健康診断を受けたら、「血圧が高い」と言われたことがある人は多いでしょう。

「でも自覚症状があるわけじゃないし」「少しくらい血圧が高いほうが長生きするって聞いたことがあるから大丈夫」

 そう思って深刻には受け止めていない人も多いかもしれません。しかし内科医の奥田昌子先生は、「高血圧ほど誤解と思い込みが多い病気はない」と警鐘を鳴らします。

「血圧が高いと頭がフラフラするとか、ボーッとすると思っている人が多いのですが、高血圧だけで自覚症状は起こりません。また、血圧は一定の数値を超えたら危険なのではなく、ほんの少しでも上がると、血管の“壁”を傷つけるのが問題です」(奥田先生、以下同)

血管の壁の状態が寿命を左右する

 高血圧が怖いのは、「血管内皮」と呼ばれる血管の内壁を劣化させるから。この内壁にはレンガを張りつけたように細胞が固く結びつき、血管を守っています。ところが血圧が上がると、ものすごい勢いで流れる血液が壁にぶつかり、衝撃で破れたり、詰まったりしやすくなります。

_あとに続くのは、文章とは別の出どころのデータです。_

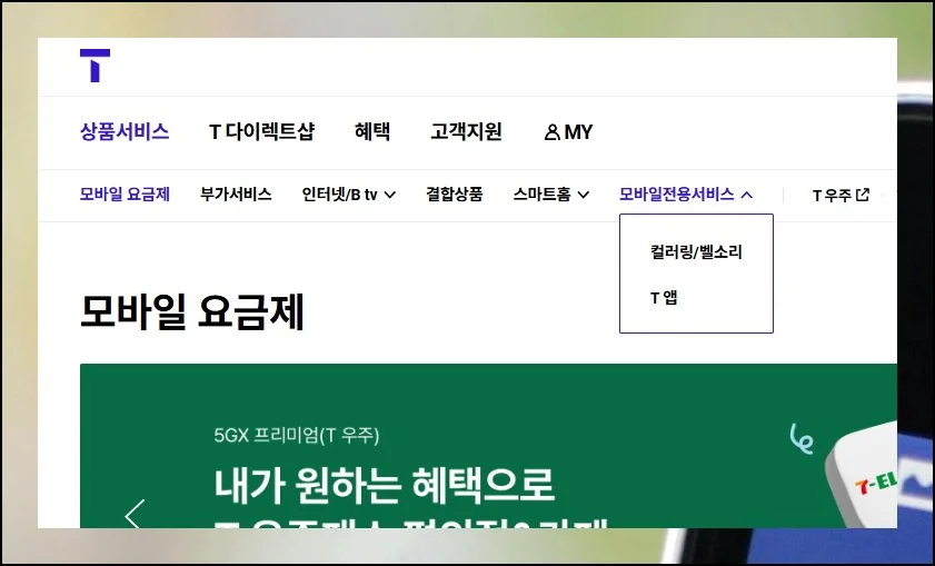 홈페이지에 들어가셨다면 컬러링 메뉴를 찾아야 해요. 보통 상품 서비스모바일 서비스 항목 하위에 위치해 있습니다.

「脳の血管が破れれば脳出血を、脳や心臓の血管が詰まれば脳梗塞や心筋梗塞を引き起こします。さらに日本では、欧米に比べて、脳血管障害に占める脳出血の割合が2〜3倍高い。つまり日本人の血管は、『詰まる』より『破れやすい』のです」

 血圧の数値ごとに、「死亡率」「脳血管障害の発症率」「心臓病の発症率」を比較した調査結果を検証すると、上が130ミリ未満・下が85ミリ未満のグループでさえ、完全に血圧が正常な人たちと比べて、脳と心臓の病気の発症率が上がっています。

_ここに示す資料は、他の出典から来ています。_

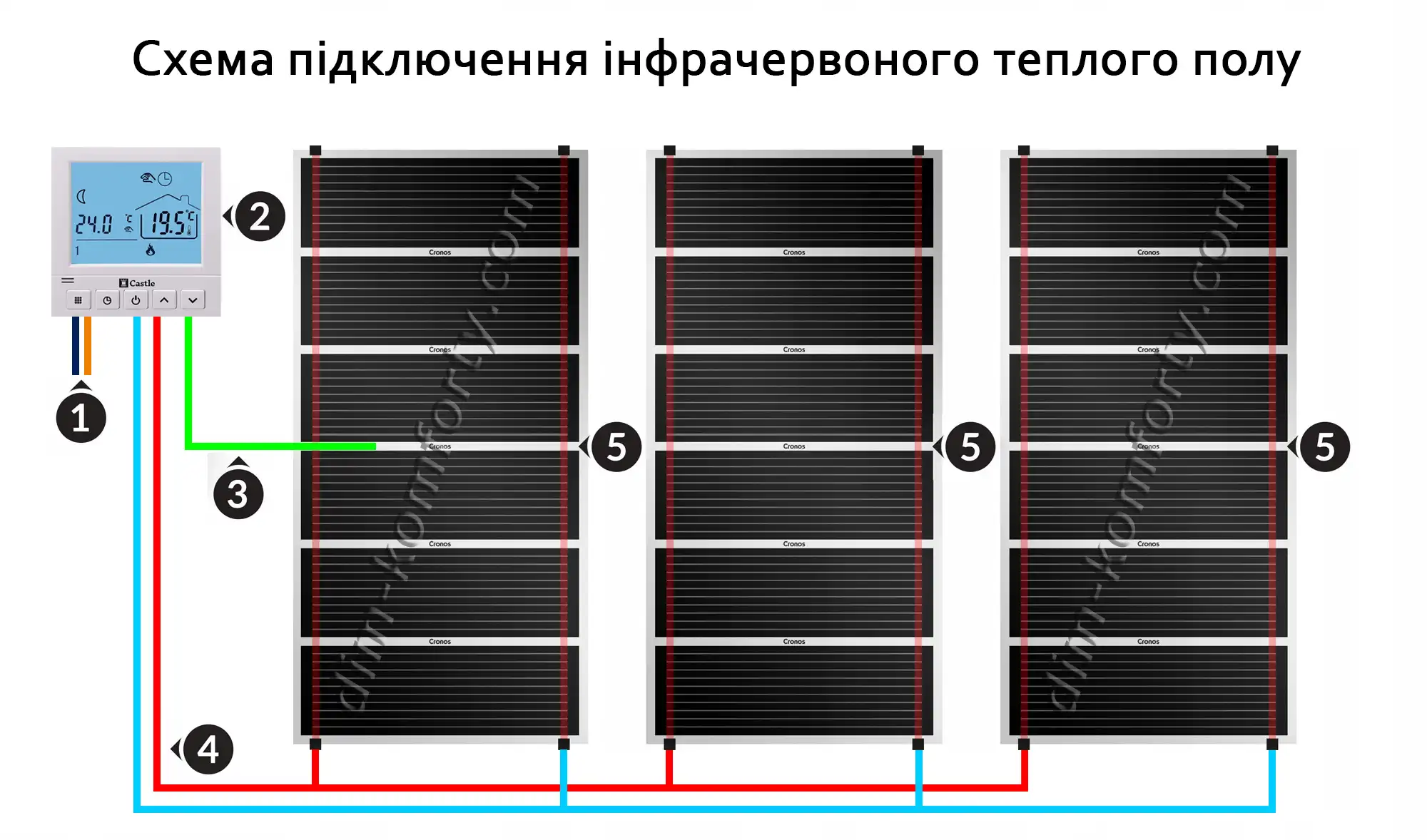 - Терморегулятор встановіть на стіні, підключіть до нього дроти від плівки та мережі.

 奥田先生の言葉どおり、ほんの少しでも血圧が上がると血管の壁が異変を起こし、重大な疾患を招くリスクが高まるのです。

血管を内張りする「レンガの壁」
血管を内張りする「レンガの壁」

 しかも、高血圧で血管の壁が傷つくと、そこからコレステロールが侵入し、壁の一部にカルシウムがたまって骨のように硬くなり、動脈硬化を引き起こします。動脈硬化が進行すると、壁が次第に厚くなり、血液の通り道が狭くなって、血圧はますます上昇。高血圧が血管の壁を老化させ、壁の老化が血圧をさらに上げるという悪循環に陥ります。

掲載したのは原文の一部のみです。